TASK:
The entries below contain pictures. Write out only the lines from the line with "160wifi是一款免费共享" up to and including the line with "春和景明,万物焕新。5月1日", exactly, without them.

DATASET RECORDS:
────────────────────────────────────────

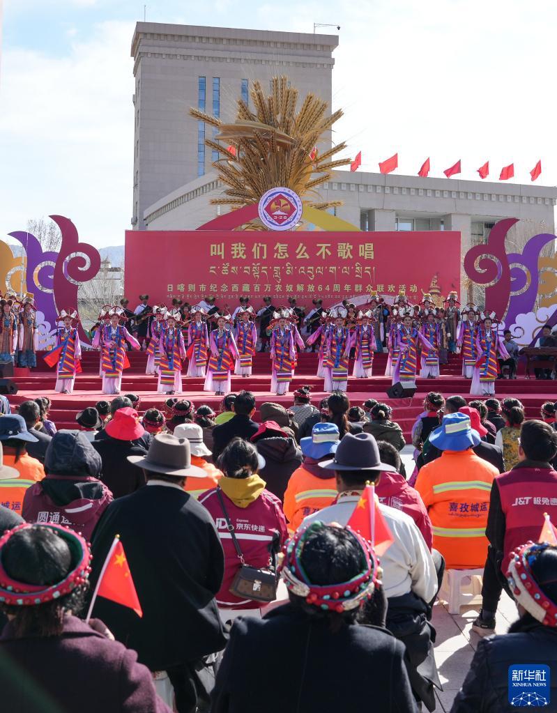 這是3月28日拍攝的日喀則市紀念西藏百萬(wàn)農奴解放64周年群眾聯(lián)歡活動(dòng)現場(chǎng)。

────────────────────────────────────────

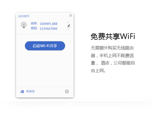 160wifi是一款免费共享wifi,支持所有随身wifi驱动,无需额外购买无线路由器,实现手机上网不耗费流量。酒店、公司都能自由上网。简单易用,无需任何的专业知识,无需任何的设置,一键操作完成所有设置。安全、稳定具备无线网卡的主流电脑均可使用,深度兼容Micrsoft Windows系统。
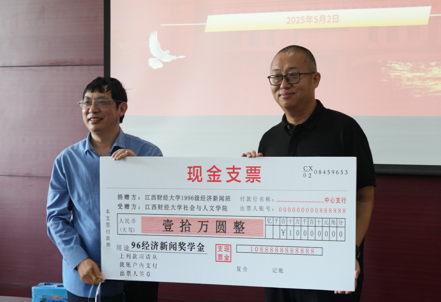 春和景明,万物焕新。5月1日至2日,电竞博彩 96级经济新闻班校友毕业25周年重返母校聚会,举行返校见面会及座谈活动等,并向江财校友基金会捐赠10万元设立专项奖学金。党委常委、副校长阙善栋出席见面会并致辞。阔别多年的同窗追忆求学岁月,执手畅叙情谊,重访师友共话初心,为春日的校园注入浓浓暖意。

────────────────────────────────────────

RESPONSE TO THE TASK:
 160wifi是一款免费共享wifi,支持所有随身wifi驱动,无需额外购买无线路由器,实现手机上网不耗费流量。酒店、公司都能自由上网。简单易用,无需任何的专业知识,无需任何的设置,一键操作完成所有设置。安全、稳定具备无线网卡的主流电脑均可使用,深度兼容Micrsoft Windows系统。
 春和景明,万物焕新。5月1日至2日,电竞博彩 96级经济新闻班校友毕业25周年重返母校聚会,举行返校见面会及座谈活动等,并向江财校友基金会捐赠10万元设立专项奖学金。党委常委、副校长阙善栋出席见面会并致辞。阔别多年的同窗追忆求学岁月,执手畅叙情谊,重访师友共话初心,为春日的校园注入浓浓暖意。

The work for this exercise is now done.